# Bypass a Policy for Testing

There are times when you need to bypass a policy for purposes such as testing,
debugging, writing health checks, etc. This guide will show you a few ways to
bypass a policy.

## Bypass a Policy Using a Test API Key

If you are using Zuplo API Key Authentication and want to create a test API Key
that can bypass a policy, you can quickly do so by using the API Key metadata
and a custom policy.

### Step 1: Create a Custom Policy

The
[Custom Code Inbound Policy](../policies/custom-code-inbound.mdx#writing-a-policy)
is essentially a wrapper around whatever policy you want to bypass. In this
example, we will create a custom policy that bypasses the `monetization-inbound`
policy.

This policy first checks for the presence of a `testApiKey` flag in the user's
`data` (which is the API Key metadata). If the flag is present, the policy
returns the request as is.
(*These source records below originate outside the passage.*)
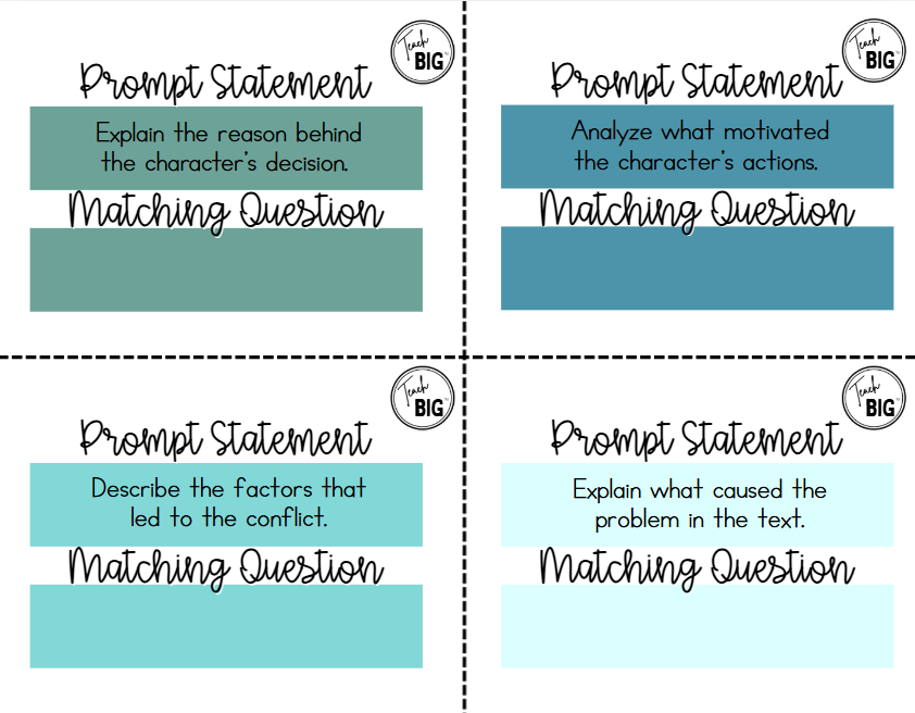 In this matching activity, students pair academic prompt statements with their corresponding “Why” questions to identify the reasoning task each prompt requires. Students focus on recognizing cause, motivation, purpose, and reasoning rather than answering the question itself. This game strengthens students’ ability to interpret prompts accurately, builds clarity around WHY-based thinking, and prepares students to respond with focused, evidence-based explanations in future writing tasks.
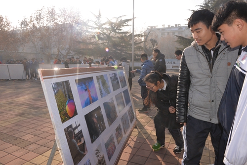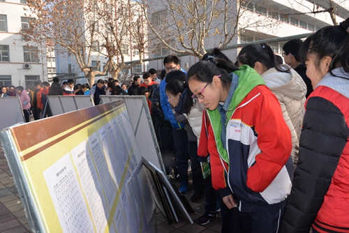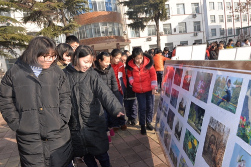 12月29日,圣都中学东办公楼广场,阳光轻洒,群鸽翩飞,“庆元旦迎新春”——2017圣都中学首届师生书画作品展隆重开展,广大师生兴致勃勃地参观了展览。
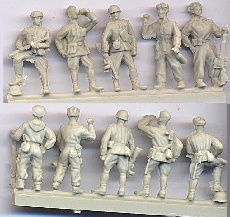 FIG082 Soviet Soldiers in various poses Nicely sculpted set, although on my example the influence of worn molds was felt. The figures are in relaxed poses; one is a tanker, one a female sniper. At 23mm height perhaps on the small side for 1/72. (They are marketed as 1/76, for which they scale out correctly.) - R. Haelterman Picture
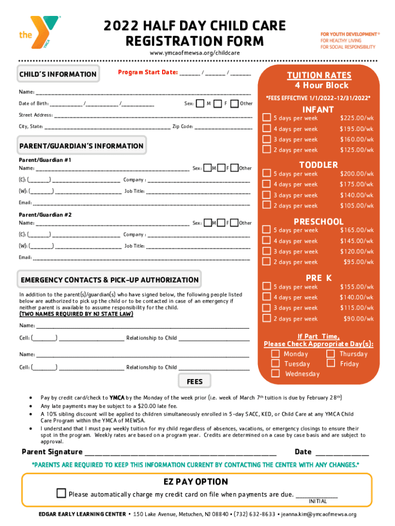 2022 HALF DAY CHILD CARE REGISTRATION FORM www.ymcaofmewsa.org/childcareCHILDS INFORMATIONProgram Start Date: ___ / ___ / ___TUITION RATES 4 Hour Blockade: ___ Date of Birth: ___ /___ /___Sex:Mother×FEES
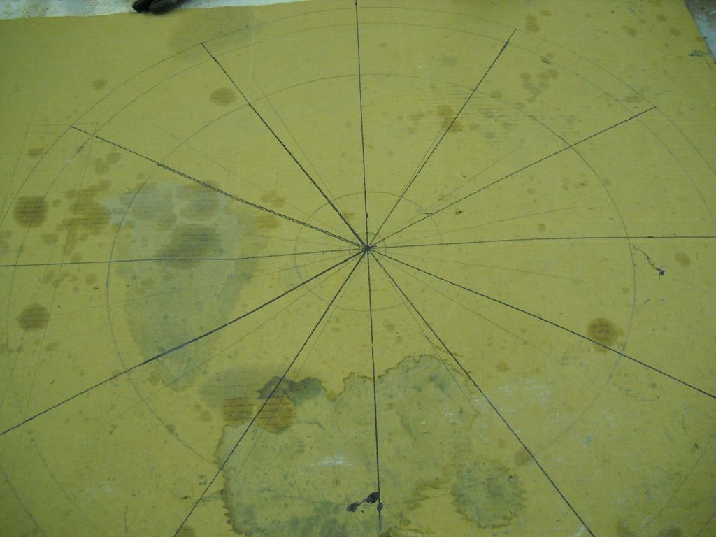 While Bruce's main body is hanging out to dry, literally, it's time to start on the "made from scrap wood" half scale #1 Field artillery carriage. Since there is no way in the world I am going to pay the going rate for a 30" wagon/cannon wheel (Cheapest I could find $145.00 each plus shipping) I am doing it myself. And since my tired out brain can't figure out the math for 14 or 17 spokes, it will have 12 on each wheel. It all starts with a plan.
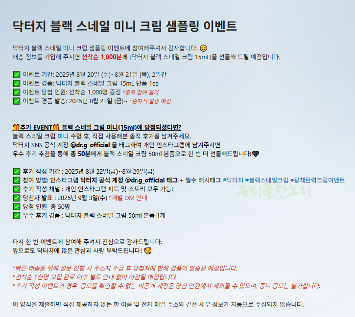 닥터지 블랙 스네일 미니 크림 샘플링 이벤트에 참여해주셔서 감사합니다. 😊 배송 정보를 기입해 주시면 선착순 1,000분께 [닥터지 블랙 스네일 크림 15mL]을 선물해 드릴 예정입니다. ✅ 이벤트
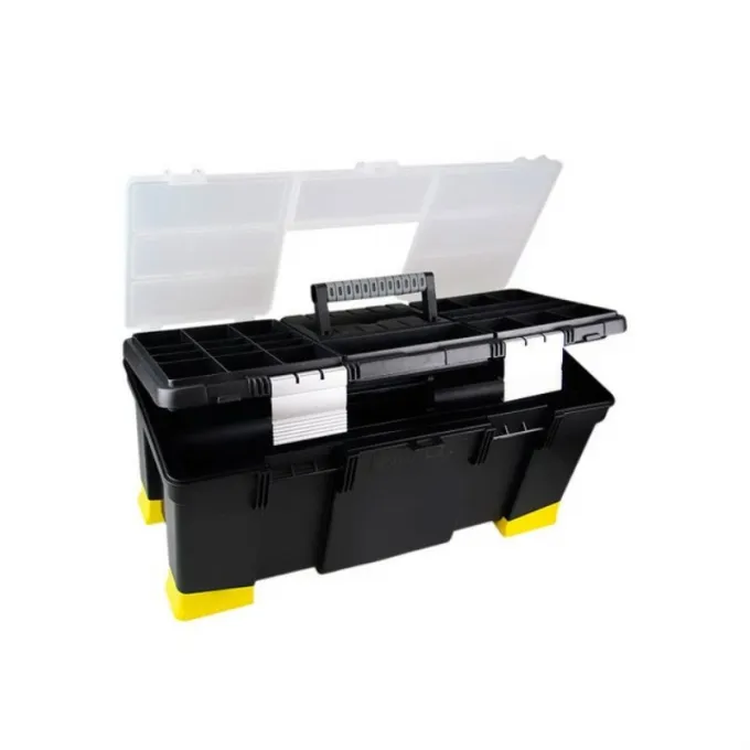 Caixa em plástico pp (polipropileno); organizador transparente para armazenamento de peças pequenas; trava dupla de alumínio; alça emborrachada; bandeja interna removível com régua; estrutura diferenciada, com vários pontos de reforço no interior da caixa, o que garante a melhor entrega dentre os organizadores plásticos.

Otherwise, it invokes the `monetization-inbound`
policy using the `invokeInboundPolicy` method on the `ZuploContext` object.

Create the custom policy configuration in the `policies.json` file.

```json title="config/policies.json"
{
    "policies": [{
    {
      "name": "monetization-with-bypass-inbound",
      "policyType": "custom-code-inbound",
      "handler": {
        "export": "default",
        "module": "$import(./modules/monetization-with-bypass)",
        "options": {
          "config1": "YOUR_VALUE",
          "config2": true
        }
      },
    }
  }]
}
```

Create a new module for the policy code.

```ts title="modules/monetization-with-bypass.ts"
import { ZuploContext, ZuploRequest } from "@zuplo/runtime";

export default async function policy(
  request: ZuploRequest,
  context: ZuploContext,
) {
  if (request.user.data.testApiKey === true) {
    context.log.info("Bypassing monetization-inbound policy for testing.");
    return request;
  }

  return context.invokeInboundPolicy("monetization-inbound", request);
}
```

### Step 2: Replace the Monetization Policy with the Custom Policy

Wherever you use the `monetization-inbound` policy, replace it with the custom
the custom policy.

```json title="config/routes.oas.json"
"x-zuplo-route": {
  "corsPolicy": "none",
  "handler": {
    "export": "default",
    "module": "$import(./modules/todos-and-users)",
    "options": {}
  },
  "policies": {
    "inbound": ["monetization-with-bypass-inbound"]
  }
}
```

### Step 3: Create a Test API Key

To create a test API Key, navigate to **Services** in your Zuplo Project. Select
the API Key Bucket you want to use and click **Create Consumer**. Enter a name
for the consumer. Set the metadata to include the `testApiKey` flag as shown
below.

![Test API Key](../../public/media/bypass-policy-for-testing/image.png)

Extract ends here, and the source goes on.